The project will use satellite, model, and ground-based data to characterise the extent and variability of mineral dust aerosol (MDA) in the atmosphere above northern Canada, and identify the sources from which it is emitted at the surface. The impact of MDA on the radiation budget and clouds – both important components of the climate system – will be quantified, as will its contribution to air quality indicators. The project also involves validation of several Canadian-led/partnered satellite-based systems that measure aerosol and cloud properties.

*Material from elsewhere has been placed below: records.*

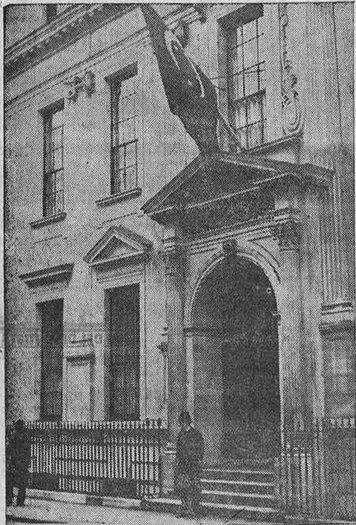
Entrada de la Embajada egipcia en Londres, que ahora queda atendida por un simple encargado de Negocios, después de la retirada oficial del embajador.
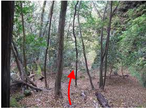
此处までから東側の涸れ谷に下る。
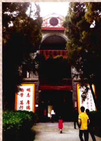
老校区行政办公楼一角
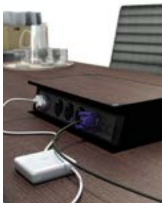
Meeting ouvert. Open Meeting.
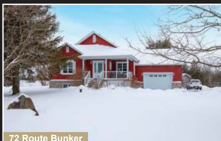
72 Route Bunker

Stanbridge East. Immense terrain d'un peu plus de 30 hectares avec partie boisé.
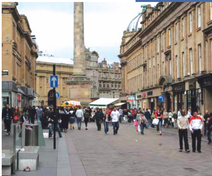
«فرش آبی»، فضای شهری طراحی شده برای مردم

تیرک‌های مانع ورود خودرو، به طرز هنرمندانه‌ای از کف سربرآورده و مصالح کفسازی را خم نموده‌اند (تصویر ۲). نیمکت‌های این فضای جمعی از تاخوردن و برگشتن نورهایی از کفسازی ایجاد شده است. در فضای خالی کنار نیمکت‌ها، لامپ‌های فلورسنت به منظور نورپردازی فضا، تعبیه شده‌است (تصویر ۳). مصالح کف به گونه‌ای انتخاب شده که این مکان، متمایز از سایر مکان‌ها و خیابان‌های همجوار باشد. در این پروژه پله‌ای گرد رابط میدان جدید به پیاده‌روی است که از شاهراه مرکزی عبور کرده و به پارکینگ بزرگ و مترو می‌رسد.
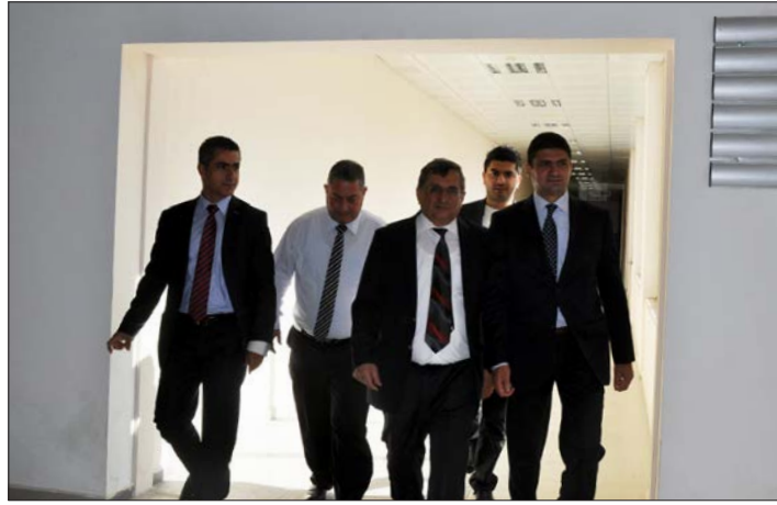
Bakan Sunat Atun yeni binaları yerinde inceledi
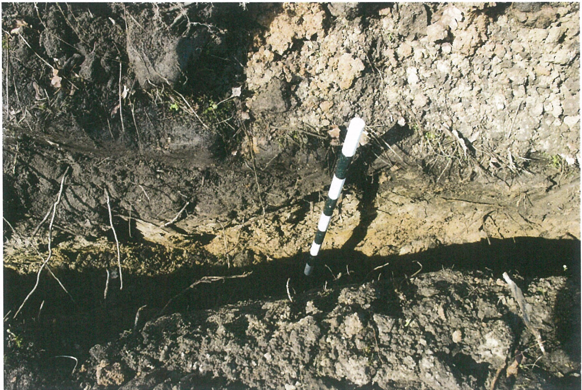
Pav. 8 Ties 20-30 trasos metru fiksuotas labai plonas juodos žemės sluoksnis, vaizdas iš P pusės.
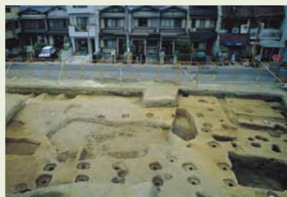
▲ 掘立柱建物検出状況
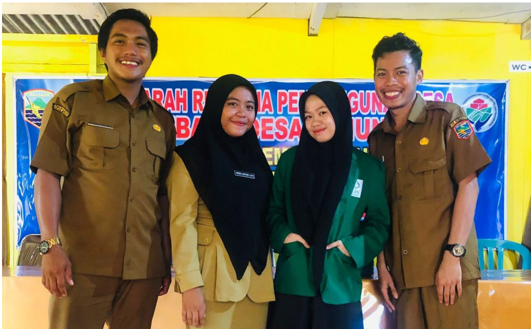
Keterangan: Swafoto Bersama Perangkat Desa Tanjung Samalantakan Setelah Melakukan Wawancara. 2 Agustus 2023.
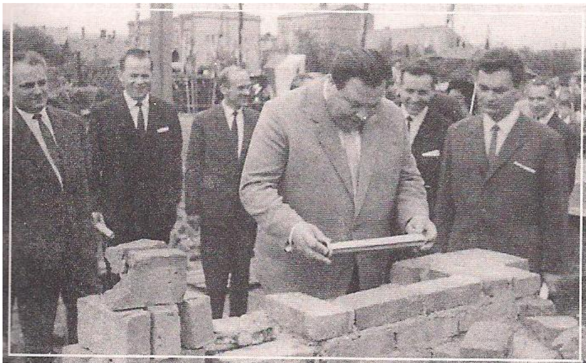
Wmurowanie aktu erekcyjnego (zdjęcie powyżej).
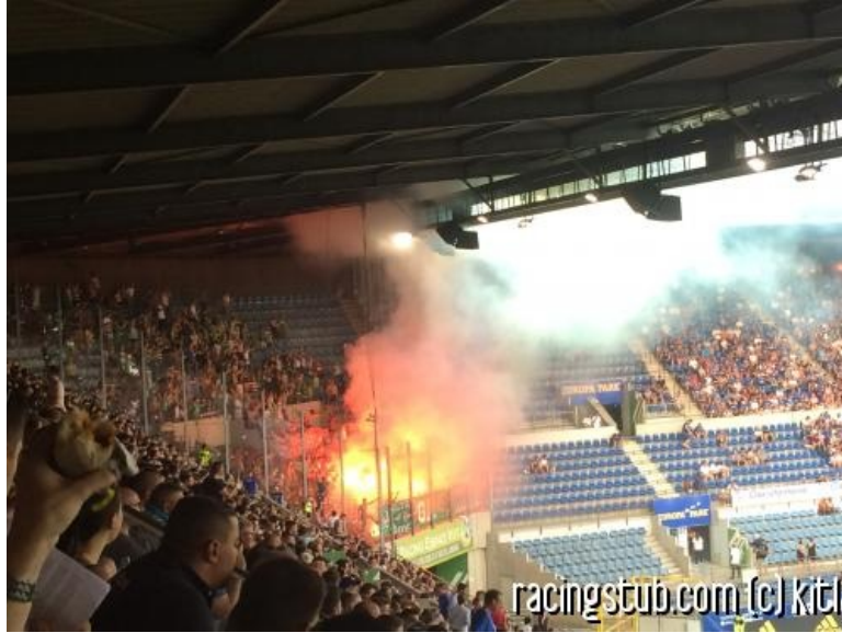
Les fans du Maccabi mettront la pression sur le Racing au match retour

★★★★★ (11 notes) 📅 01/08/2019 05:00 📍 Avant-match 📖 Lu 4.693 fois 👤 Par kitl 🗨️ 10 comm.
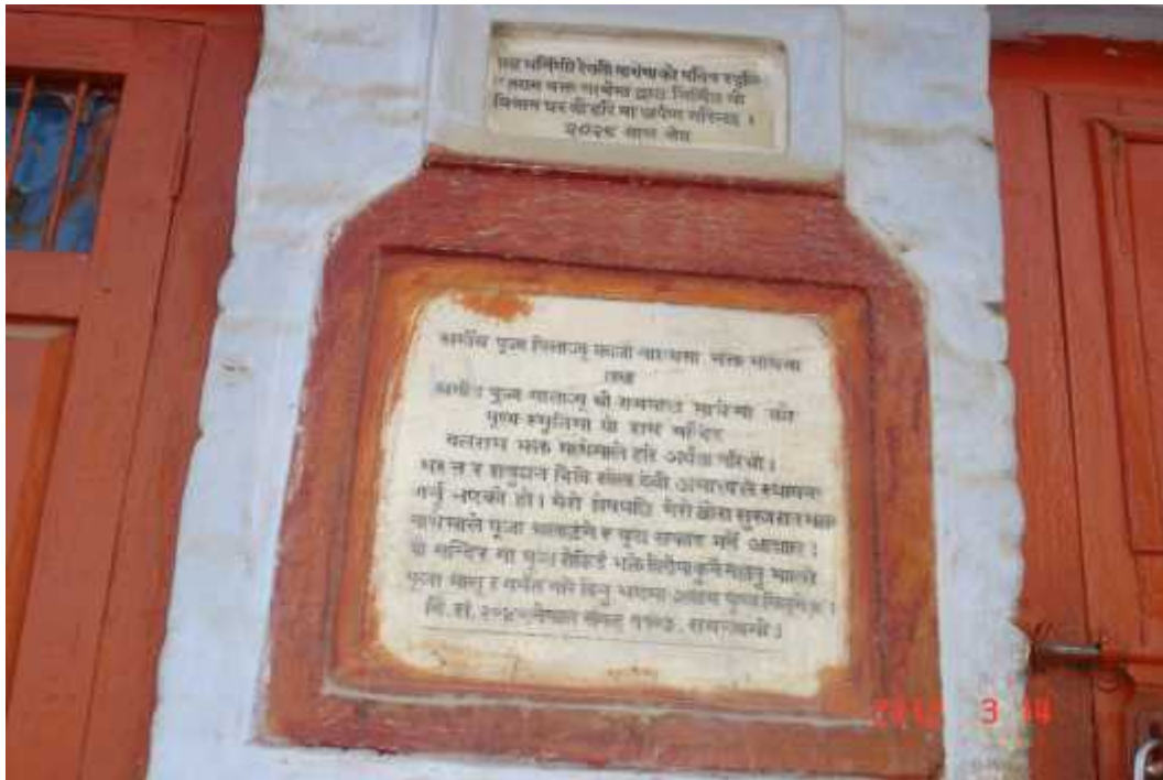
चित्र सङ्ख्या १३: मन्दिर स्थापना सम्बन्धी शिलालेखा

Air pollution regulations have led to dramatic reductions in emissions of CO and NOx, but studies using atmospheric observations to quantify these reductions produce a wide range of emission estimates. The proposed project will use a multi-model and multi-sensor approach to quantify potential sources of discrepancies that contribute to uncertainty in the emission estimates. The project will focus on using space-based measurements to better quantify emissions of CO globally and of NOx in North America. Improved estimates of the emissions of CO and NOx are critical for assessing the effectiveness of air pollution regulations.

Despite the success of the Montreal Protocol in phasing out ozone depleting substances, lower stratospheric ozone continues to decrease. Currently it is not clear, if this ongoing decrease is related to so far unexplored chemical effects or to changes in the atmospheric circulation, the large-scale movement of air by which ozone is redistributed. The proposed project will use satellite measurements from OSIRIS and ACE-FTS in combination with simulations from the Canadian Earth system model to understand lower stratospheric ozone changes and driving forces. Based on the improved understanding, predictions of ozone recovery in the lower stratosphere will be produced.

Data from two Canadian space-based instruments will be utilized to investigate our changing atmosphere and to improve our ability to simulate these changes with atmospheric models. In one activity, we will focus on understanding how to best simulate the injection and dispersal of wildfire pollution in the atmosphere including its year-to-year variation. In a second activity, we will examine how different models describe greenhouse gases that are also air pollutants. For the third activity, we will assess the quality of space-based measurements of greenhouse gases and air pollutants and evaluate how well models simulate these important gases.